INSTRUCTIONS FOR THE TASK: Reproduce all of the data exactly. Images are not to appear in the reply.

DATASET EXCERPT:
************

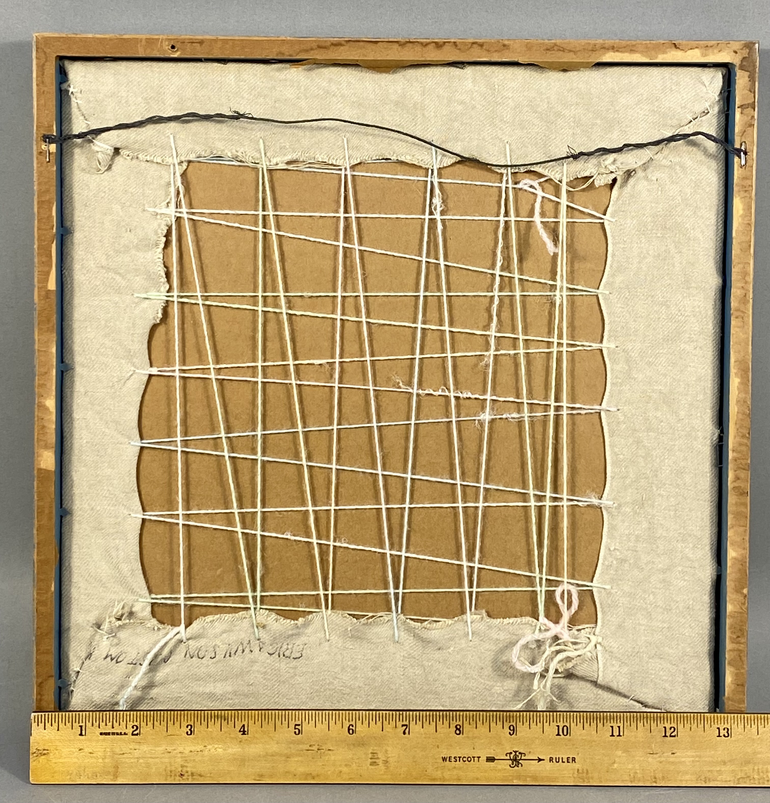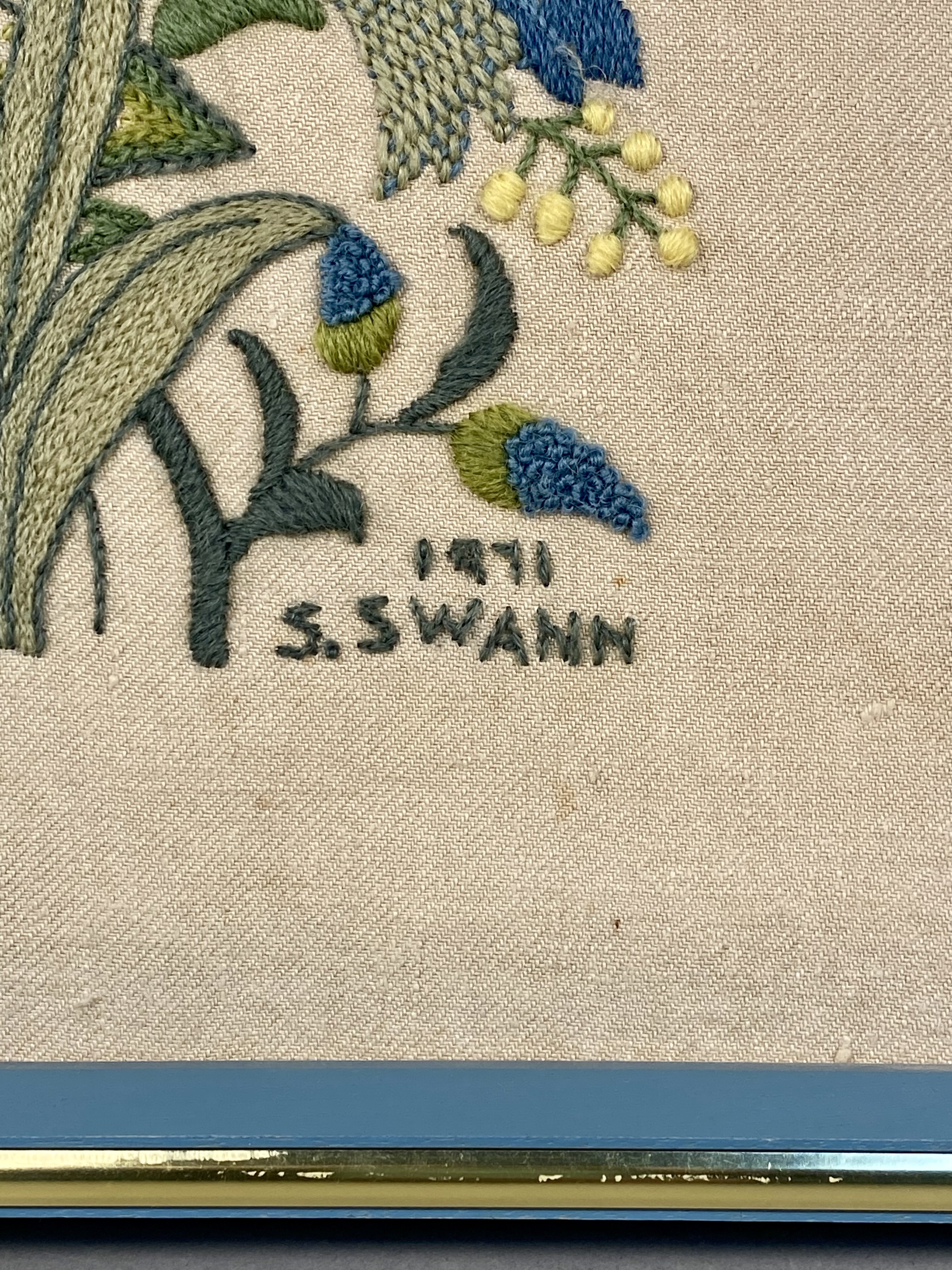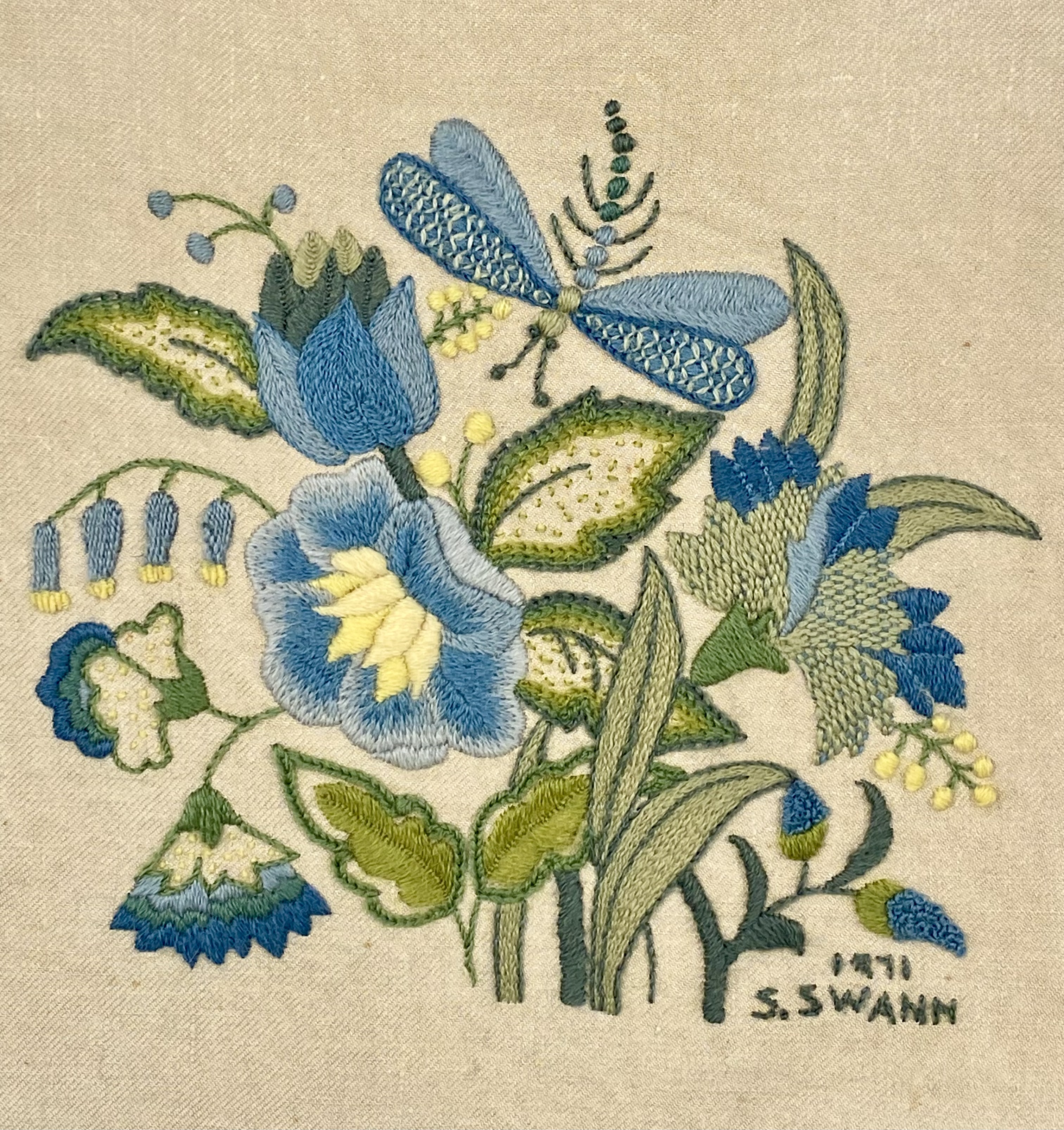 A framed crewel embroidery piece featuring a stylized floral arrangement with a central blue dragonfly. The work is executed in wool thread on a light-colored linen or cotton-blend ground fabric. The composition includes various blossoms in shades of blue, green, and yellow, utilizing needlework techniques such as satin stitch, stem stitch, and French knots. The lower right corner is embroidered with the signature S. SWANN and the date 1971. The reverse of the fabric bears a partially visible stamp reading ERICA WILSON WOOL, identifying the design and materials as originating from an Erica Wilson needlework kit. The textile is hand-laced over a cardboard support for tension and is housed in a blue-painted wooden frame with a metallic inner lip and a wire hanger. Frame: 13 1/2 inches x 13 1/2 inches. The piece is in fair to good vintage condition. There is visible foxing and brown staining on the background fabric, most notably a circular spot in the lower-left corner and smaller scattered specks. The colors of the wool embroidery remain bright. The blue-painted wooden frame shows minor scuffing and paint loss along the edges.
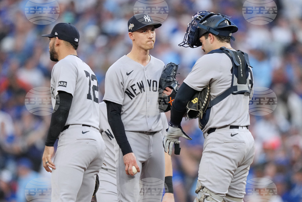 New York Yankees pitcher Luke Weaver, center, waits to be removed during the seventh inning against the Toronto Blue Jays in Game 1 of baseball's American League Division Series, Saturday, Oct. 4, 2025, in Toronto. (Nathan Denette/The Canadian Press via AP)
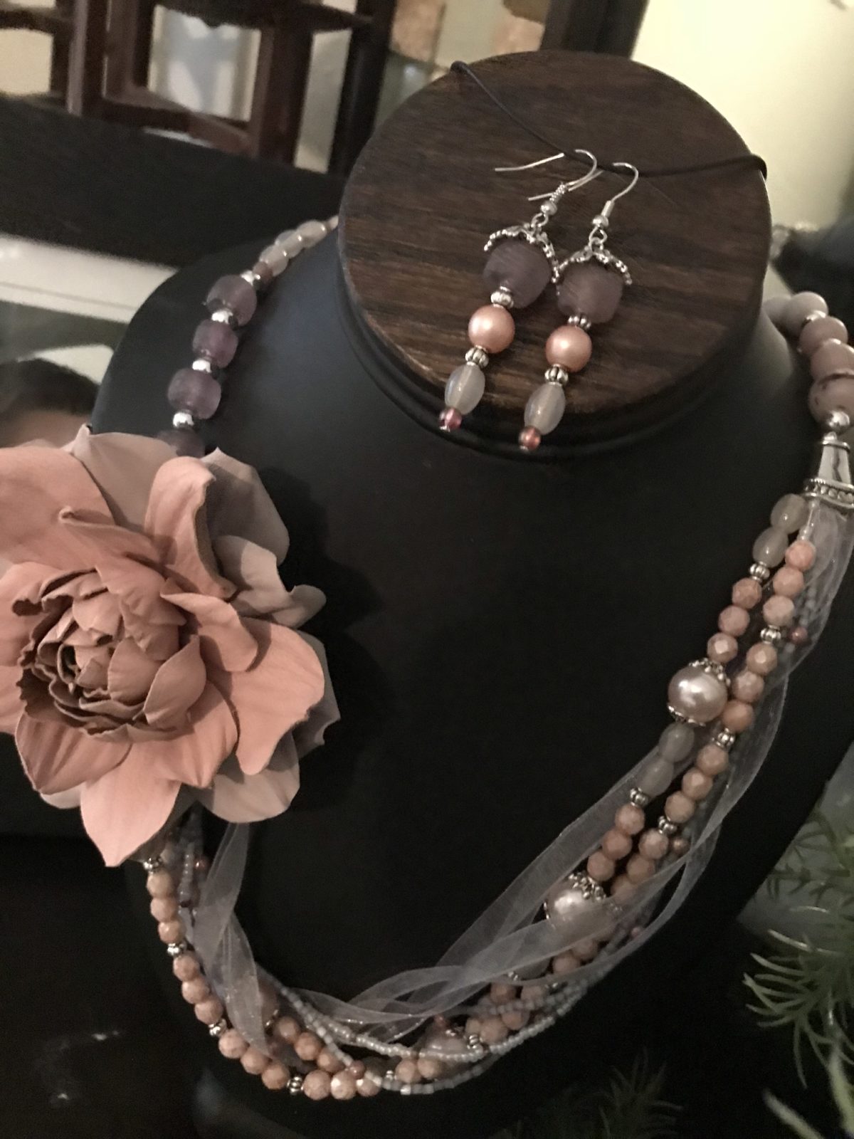 The piece is very dressy and ready for a party….would look incredible with a light gray dress. Take a close look at the eclectic bead styles used as the use of them in the same piece is very unexpected. Definitely one of my favorite pieces. Earrings included.

************

EXERCISE RESPONSE:
 A framed crewel embroidery piece featuring a stylized floral arrangement with a central blue dragonfly. The work is executed in wool thread on a light-colored linen or cotton-blend ground fabric. The composition includes various blossoms in shades of blue, green, and yellow, utilizing needlework techniques such as satin stitch, stem stitch, and French knots. The lower right corner is embroidered with the signature S. SWANN and the date 1971. The reverse of the fabric bears a partially visible stamp reading ERICA WILSON WOOL, identifying the design and materials as originating from an Erica Wilson needlework kit. The textile is hand-laced over a cardboard support for tension and is housed in a blue-painted wooden frame with a metallic inner lip and a wire hanger. Frame: 13 1/2 inches x 13 1/2 inches. The piece is in fair to good vintage condition. There is visible foxing and brown staining on the background fabric, most notably a circular spot in the lower-left corner and smaller scattered specks. The colors of the wool embroidery remain bright. The blue-painted wooden frame shows minor scuffing and paint loss along the edges.
 New York Yankees pitcher Luke Weaver, center, waits to be removed during the seventh inning against the Toronto Blue Jays in Game 1 of baseball's American League Division Series, Saturday, Oct. 4, 2025, in Toronto. (Nathan Denette/The Canadian Press via AP)
 The piece is very dressy and ready for a party….would look incredible with a light gray dress. Take a close look at the eclectic bead styles used as the use of them in the same piece is very unexpected. Definitely one of my favorite pieces. Earrings included.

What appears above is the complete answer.